### Dataset entries
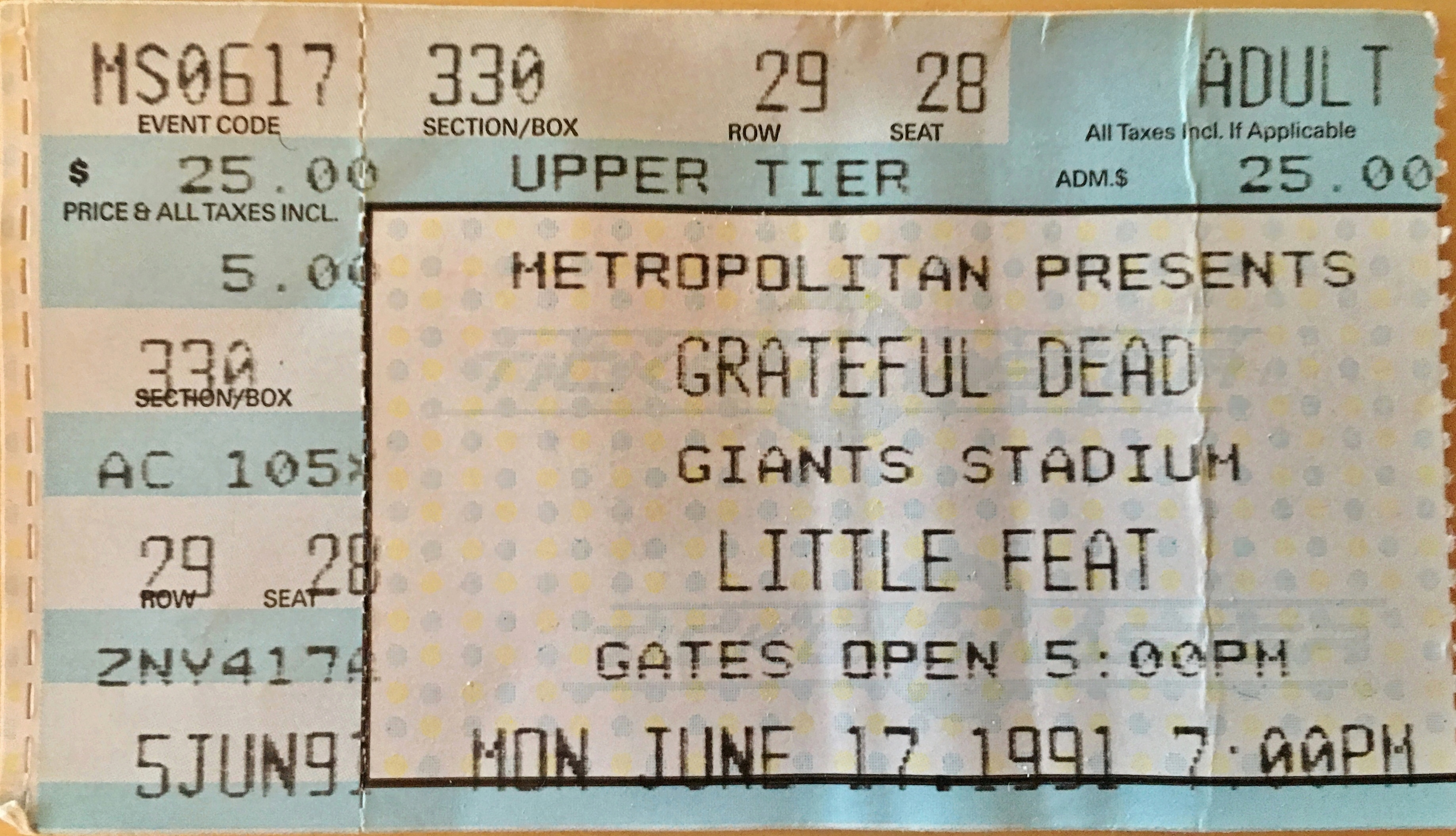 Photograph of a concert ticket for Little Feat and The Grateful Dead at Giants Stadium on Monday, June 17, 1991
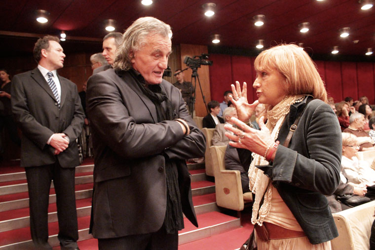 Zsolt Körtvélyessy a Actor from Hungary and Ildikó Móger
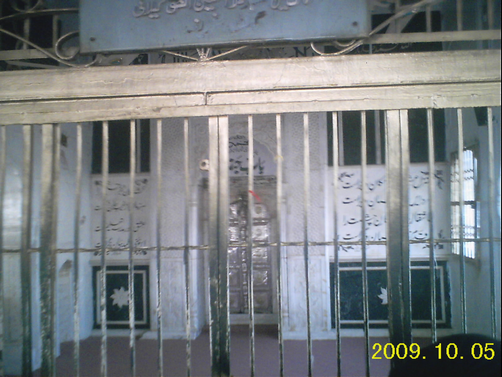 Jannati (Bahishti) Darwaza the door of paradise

==

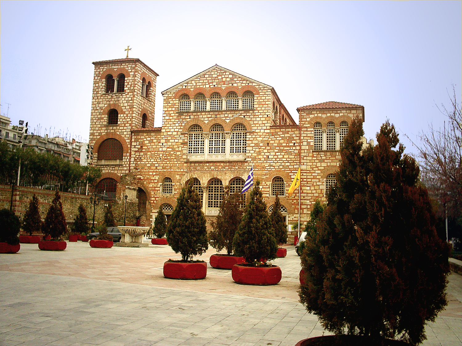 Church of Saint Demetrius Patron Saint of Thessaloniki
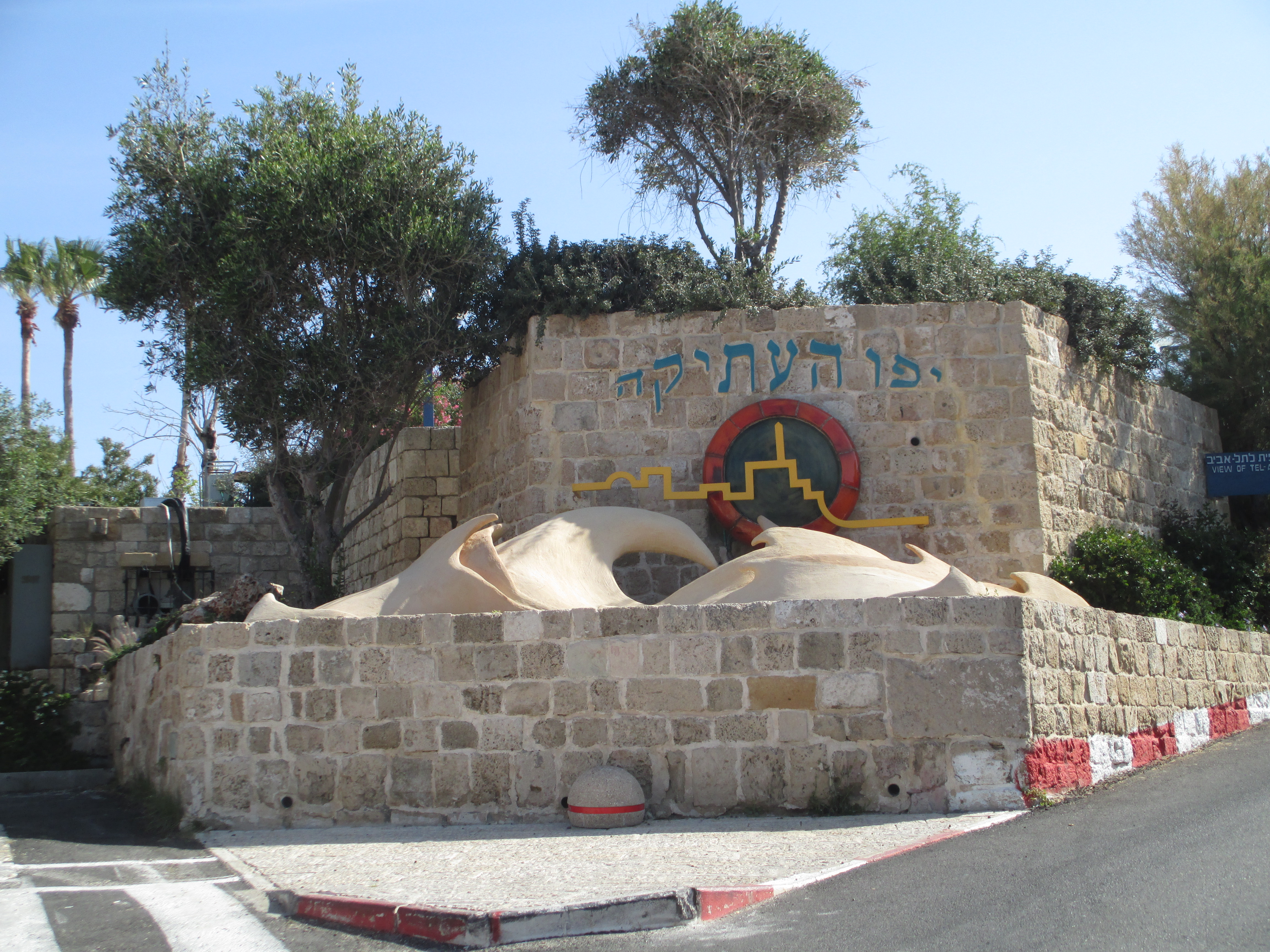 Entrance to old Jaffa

* * *

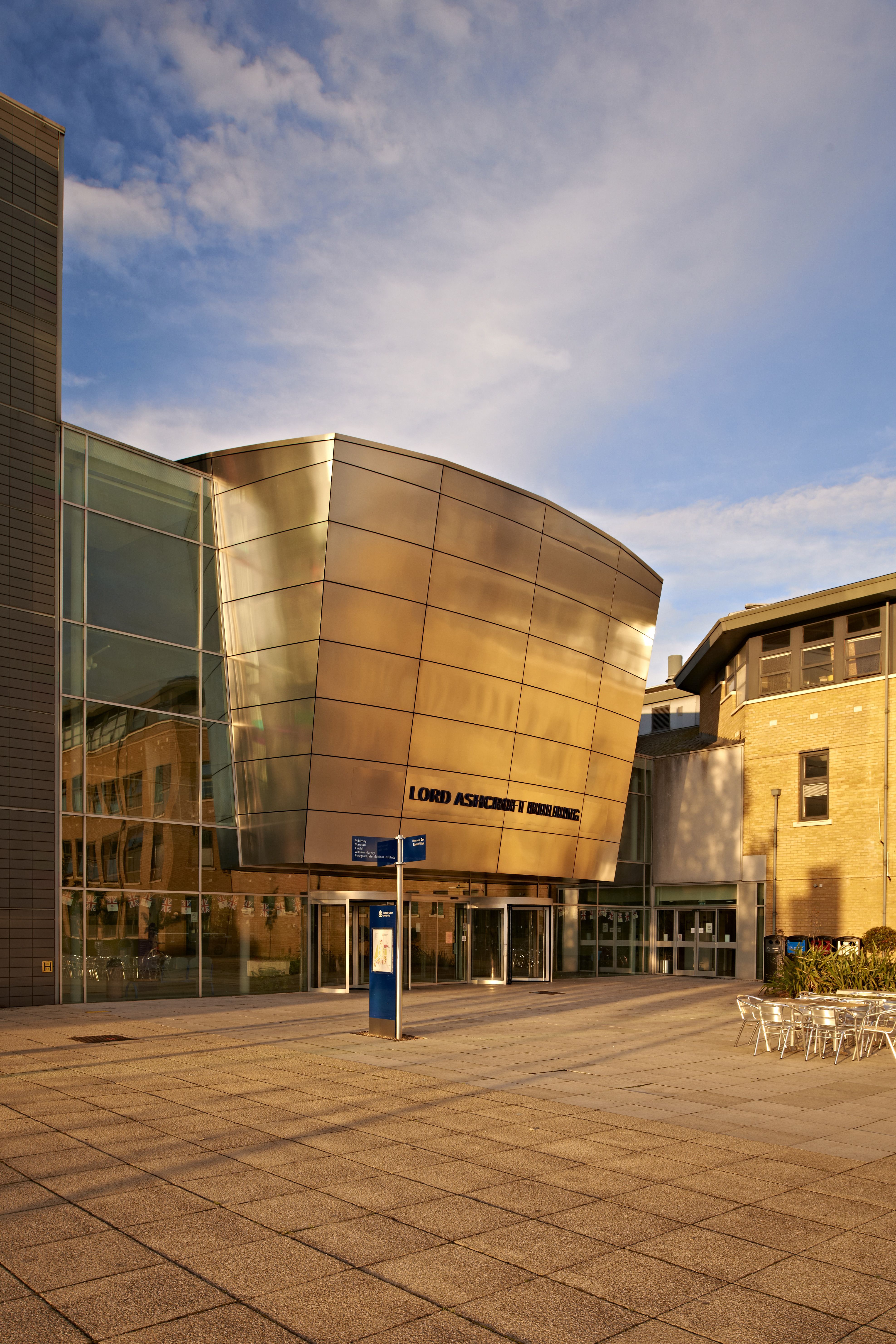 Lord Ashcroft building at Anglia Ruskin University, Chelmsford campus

### Activity
Though the entries above contain pictures, none should be copied; reproduce only the lines between the one holding "Zsolt Körtvélyessy a" and the one holding "Jannati (Bahishti) Darwaza", inclusive, exactly as written.

### Answer
 Zsolt Körtvélyessy a Actor from Hungary and Ildikó Móger
 Jannati (Bahishti) Darwaza the door of paradise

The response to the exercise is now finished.